- [Recorded data]:
»»

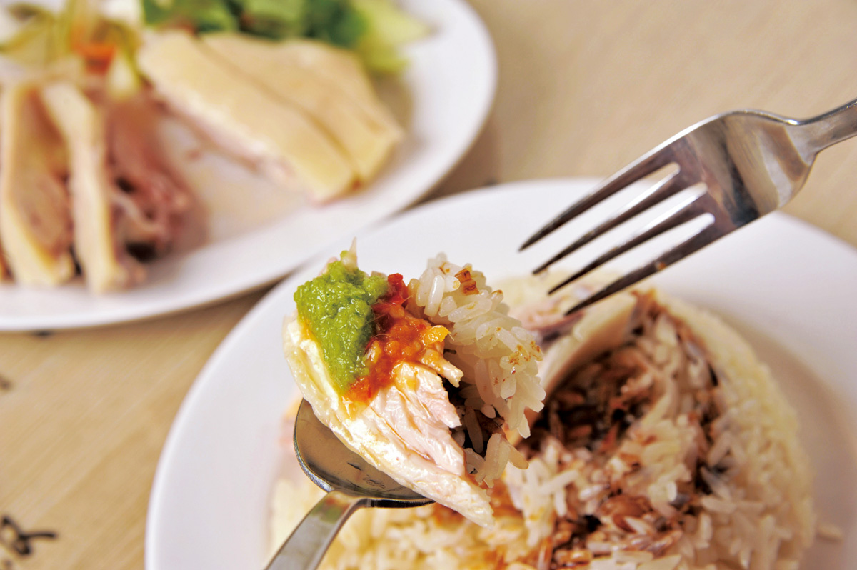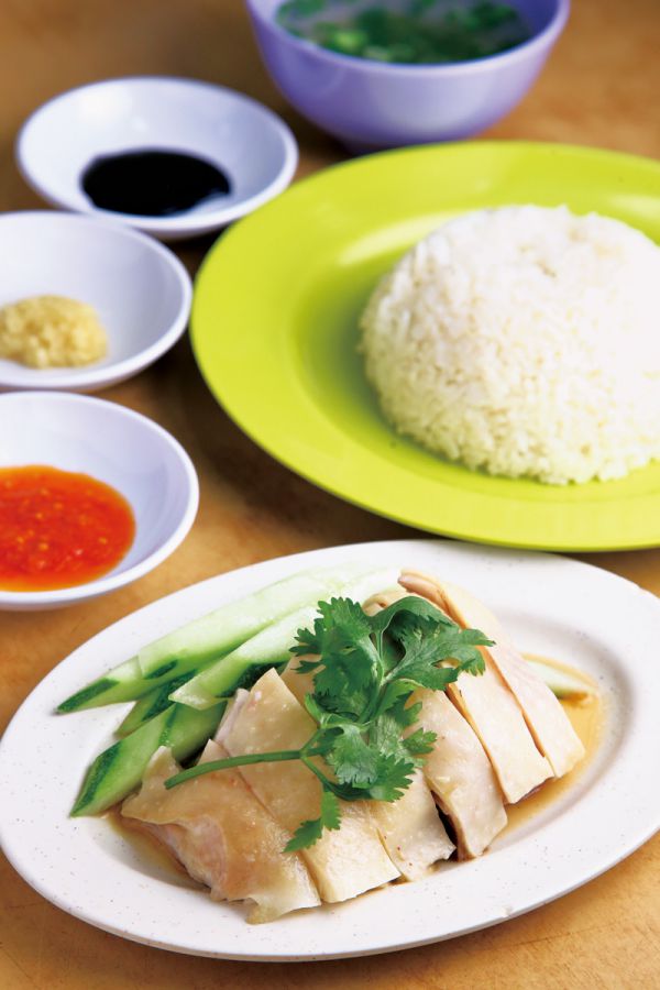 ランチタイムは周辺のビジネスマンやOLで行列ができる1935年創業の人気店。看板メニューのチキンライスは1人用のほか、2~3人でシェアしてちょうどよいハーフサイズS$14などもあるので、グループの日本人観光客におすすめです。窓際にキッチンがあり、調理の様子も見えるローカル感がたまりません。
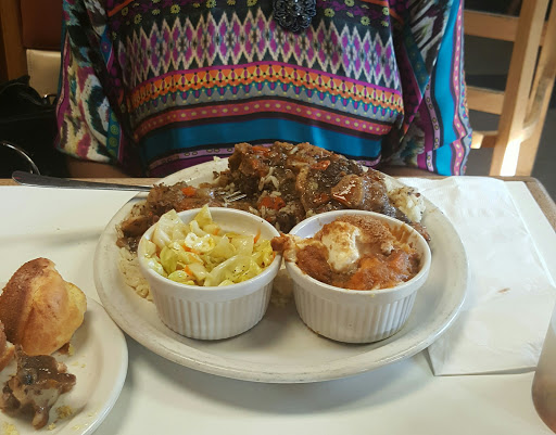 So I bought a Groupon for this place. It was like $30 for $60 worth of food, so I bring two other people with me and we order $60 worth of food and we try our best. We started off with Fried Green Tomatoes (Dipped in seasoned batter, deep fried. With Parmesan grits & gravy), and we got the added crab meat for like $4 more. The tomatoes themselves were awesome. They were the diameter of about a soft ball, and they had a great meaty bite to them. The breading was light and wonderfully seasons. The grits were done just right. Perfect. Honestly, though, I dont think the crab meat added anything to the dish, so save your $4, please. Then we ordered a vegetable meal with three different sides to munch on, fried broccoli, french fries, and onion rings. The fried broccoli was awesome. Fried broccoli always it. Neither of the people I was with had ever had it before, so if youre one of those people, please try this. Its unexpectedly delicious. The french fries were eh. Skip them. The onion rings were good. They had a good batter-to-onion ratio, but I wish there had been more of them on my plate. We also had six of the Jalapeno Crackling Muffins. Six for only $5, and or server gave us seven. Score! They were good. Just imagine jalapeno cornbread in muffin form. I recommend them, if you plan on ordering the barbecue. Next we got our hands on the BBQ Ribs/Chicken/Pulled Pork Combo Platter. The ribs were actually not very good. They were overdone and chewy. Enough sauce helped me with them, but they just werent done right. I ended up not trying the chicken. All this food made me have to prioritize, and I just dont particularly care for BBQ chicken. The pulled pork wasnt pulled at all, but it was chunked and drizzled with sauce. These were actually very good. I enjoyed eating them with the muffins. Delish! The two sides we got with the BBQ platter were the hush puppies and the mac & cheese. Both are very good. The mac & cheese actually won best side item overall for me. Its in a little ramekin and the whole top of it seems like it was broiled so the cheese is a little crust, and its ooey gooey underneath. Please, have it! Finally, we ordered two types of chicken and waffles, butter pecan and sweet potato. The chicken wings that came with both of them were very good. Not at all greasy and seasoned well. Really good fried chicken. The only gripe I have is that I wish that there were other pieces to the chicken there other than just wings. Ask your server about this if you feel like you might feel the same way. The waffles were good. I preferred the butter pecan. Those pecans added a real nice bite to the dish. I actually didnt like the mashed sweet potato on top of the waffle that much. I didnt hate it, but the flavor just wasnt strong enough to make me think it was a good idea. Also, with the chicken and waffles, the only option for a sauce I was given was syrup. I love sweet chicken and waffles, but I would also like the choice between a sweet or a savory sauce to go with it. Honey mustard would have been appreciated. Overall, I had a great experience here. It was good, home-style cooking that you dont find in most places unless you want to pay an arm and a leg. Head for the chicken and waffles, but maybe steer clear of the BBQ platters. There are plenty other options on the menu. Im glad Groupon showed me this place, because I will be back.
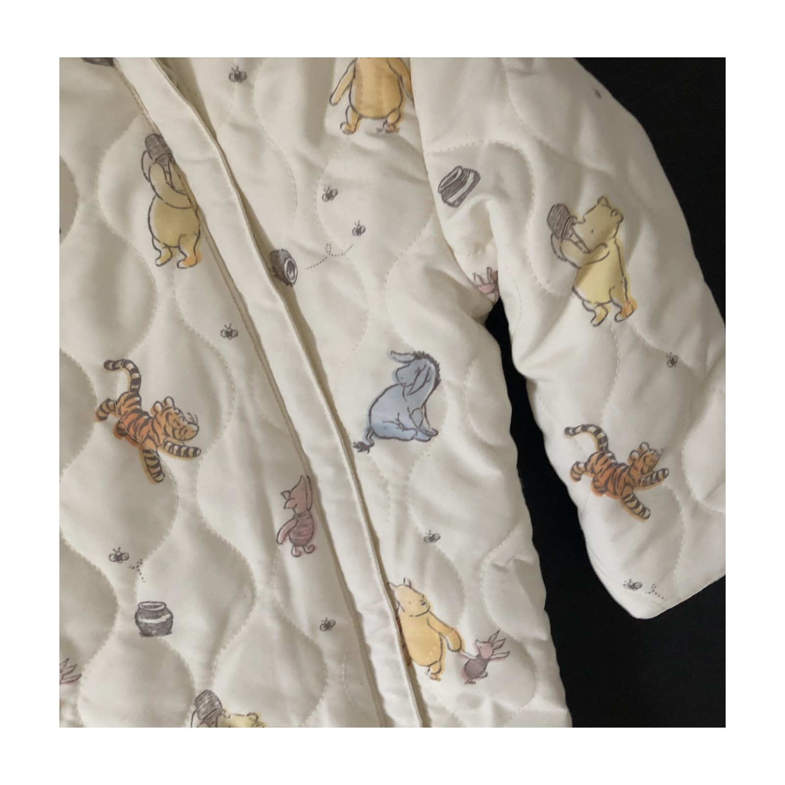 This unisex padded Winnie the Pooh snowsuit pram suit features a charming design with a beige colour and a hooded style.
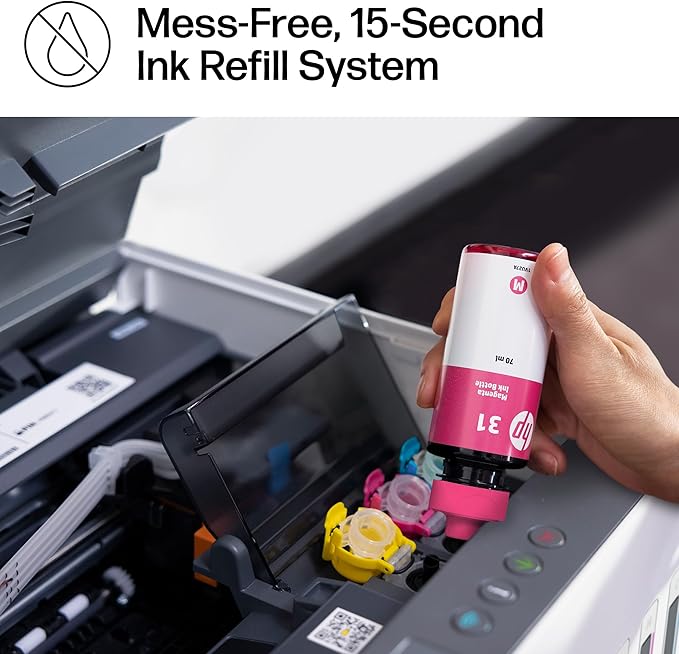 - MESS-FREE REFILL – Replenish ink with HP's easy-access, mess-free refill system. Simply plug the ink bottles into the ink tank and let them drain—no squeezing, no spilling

««

- [Assignment]:
Repeat the material exactly. Skip the images.

- [Answer section]:
 ランチタイムは周辺のビジネスマンやOLで行列ができる1935年創業の人気店。看板メニューのチキンライスは1人用のほか、2~3人でシェアしてちょうどよいハーフサイズS$14などもあるので、グループの日本人観光客におすすめです。窓際にキッチンがあり、調理の様子も見えるローカル感がたまりません。
 So I bought a Groupon for this place. It was like $30 for $60 worth of food, so I bring two other people with me and we order $60 worth of food and we try our best. We started off with Fried Green Tomatoes (Dipped in seasoned batter, deep fried. With Parmesan grits & gravy), and we got the added crab meat for like $4 more. The tomatoes themselves were awesome. They were the diameter of about a soft ball, and they had a great meaty bite to them. The breading was light and wonderfully seasons. The grits were done just right. Perfect. Honestly, though, I dont think the crab meat added anything to the dish, so save your $4, please. Then we ordered a vegetable meal with three different sides to munch on, fried broccoli, french fries, and onion rings. The fried broccoli was awesome. Fried broccoli always it. Neither of the people I was with had ever had it before, so if youre one of those people, please try this. Its unexpectedly delicious. The french fries were eh. Skip them. The onion rings were good. They had a good batter-to-onion ratio, but I wish there had been more of them on my plate. We also had six of the Jalapeno Crackling Muffins. Six for only $5, and or server gave us seven. Score! They were good. Just imagine jalapeno cornbread in muffin form. I recommend them, if you plan on ordering the barbecue. Next we got our hands on the BBQ Ribs/Chicken/Pulled Pork Combo Platter. The ribs were actually not very good. They were overdone and chewy. Enough sauce helped me with them, but they just werent done right. I ended up not trying the chicken. All this food made me have to prioritize, and I just dont particularly care for BBQ chicken. The pulled pork wasnt pulled at all, but it was chunked and drizzled with sauce. These were actually very good. I enjoyed eating them with the muffins. Delish! The two sides we got with the BBQ platter were the hush puppies and the mac & cheese. Both are very good. The mac & cheese actually won best side item overall for me. Its in a little ramekin and the whole top of it seems like it was broiled so the cheese is a little crust, and its ooey gooey underneath. Please, have it! Finally, we ordered two types of chicken and waffles, butter pecan and sweet potato. The chicken wings that came with both of them were very good. Not at all greasy and seasoned well. Really good fried chicken. The only gripe I have is that I wish that there were other pieces to the chicken there other than just wings. Ask your server about this if you feel like you might feel the same way. The waffles were good. I preferred the butter pecan. Those pecans added a real nice bite to the dish. I actually didnt like the mashed sweet potato on top of the waffle that much. I didnt hate it, but the flavor just wasnt strong enough to make me think it was a good idea. Also, with the chicken and waffles, the only option for a sauce I was given was syrup. I love sweet chicken and waffles, but I would also like the choice between a sweet or a savory sauce to go with it. Honey mustard would have been appreciated. Overall, I had a great experience here. It was good, home-style cooking that you dont find in most places unless you want to pay an arm and a leg. Head for the chicken and waffles, but maybe steer clear of the BBQ platters. There are plenty other options on the menu. Im glad Groupon showed me this place, because I will be back.
 This unisex padded Winnie the Pooh snowsuit pram suit features a charming design with a beige colour and a hooded style.
 - MESS-FREE REFILL – Replenish ink with HP's easy-access, mess-free refill system. Simply plug the ink bottles into the ink tank and let them drain—no squeezing, no spilling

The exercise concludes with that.